**What is needed:** Whenever a line in the data contains "with", show that line.
(Beginning of Material for this task)
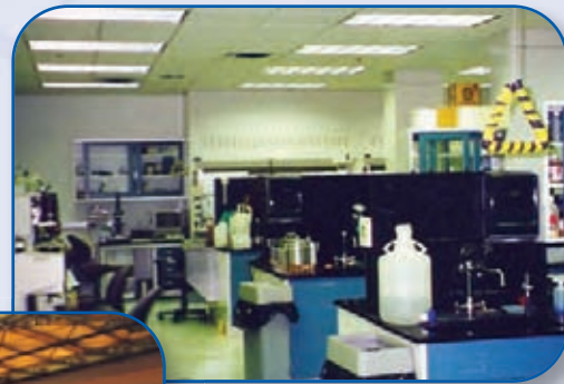
Miscellaneous laboratories in Bridgewater, NJ
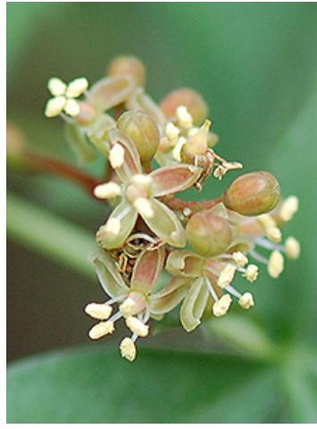
Virginia Creeper ( Parthenocissus quinquefolia).
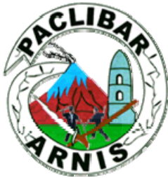
Paclibar Bicol Arnis
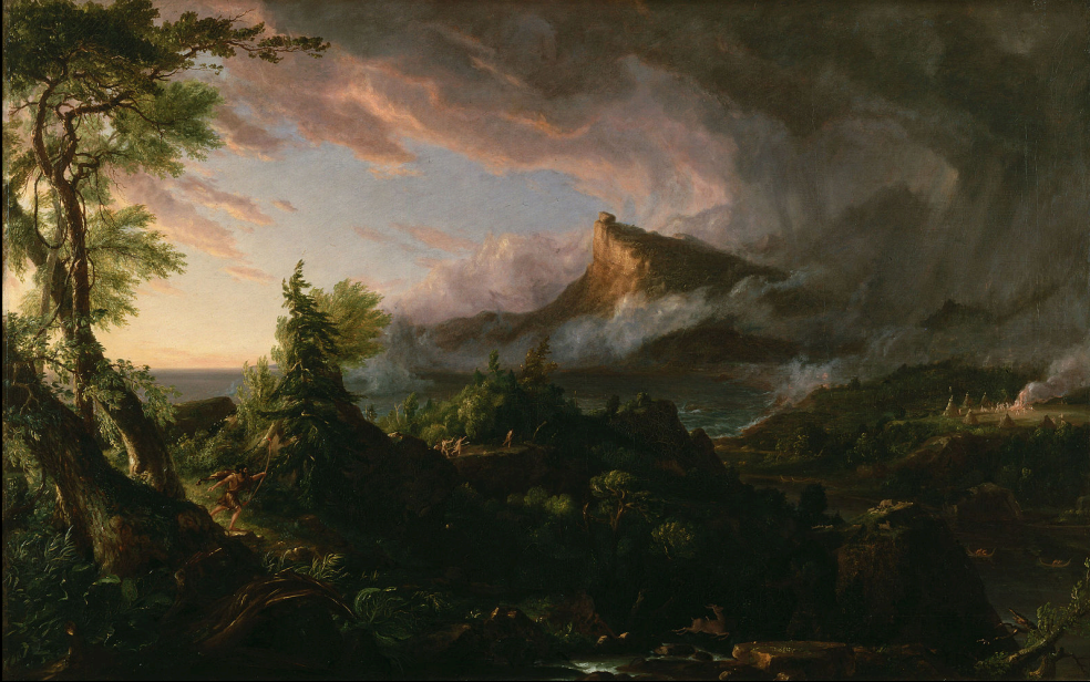
Thomas Cole, The Course of Empire, The Savage State . 1836
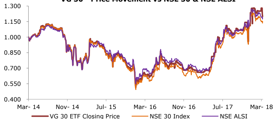
VG 30 - Price Movement vs NSE 30 & NSE ALSI
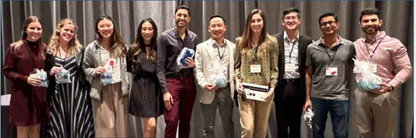
The Symposium's app featured a game that awarded residents with gift cards, products and ASDS Learn webinars.

This event was graciously supported by exhibitors and in-kind partners including La Roche-Posay, Allergan Aesthetics, AbbVie, Galderma, Hugel, Revance, Merz, Skin Health Group, Sofwave, Candela, MPR.IO, Delasco, DermAvance, Suneva and Evolus. ●
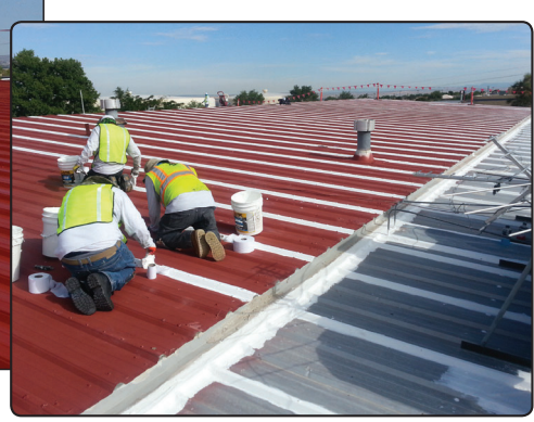
Sealing vertical seams with Apoc 264 Flash and Seal and polyester reinforcing fabric
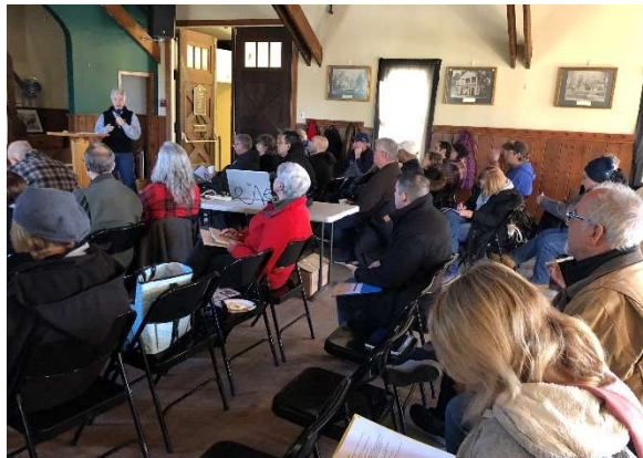
A full class again. Great job!
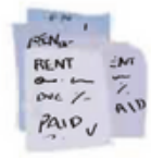
Proof of what you've paid & what you still owe

*Applying for these funds will NOT trigger Public Charge
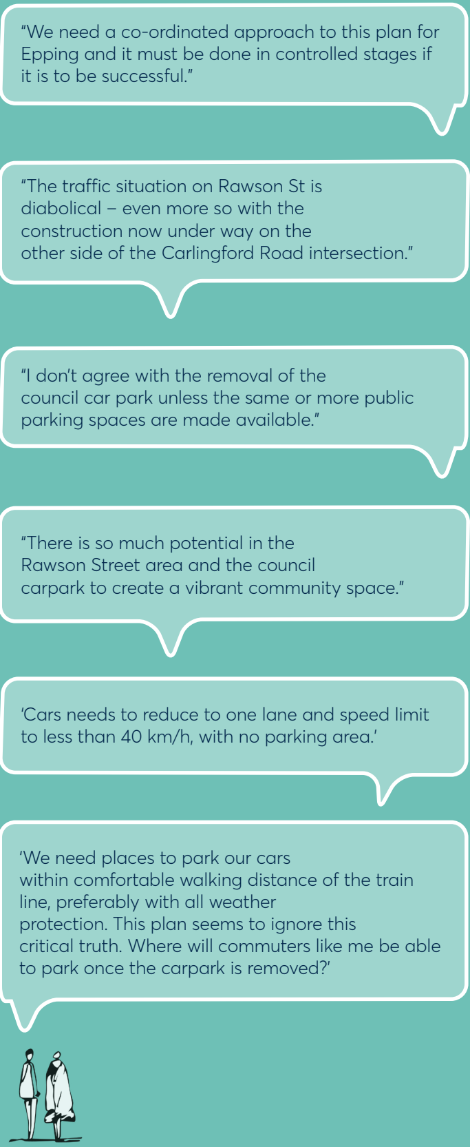
Community quotes from online survey
(End of Material for this task)
**Answer section:**
The Symposium's app featured a game that awarded residents with gift cards, products and ASDS Learn webinars.
Sealing vertical seams with Apoc 264 Flash and Seal and polyester reinforcing fabric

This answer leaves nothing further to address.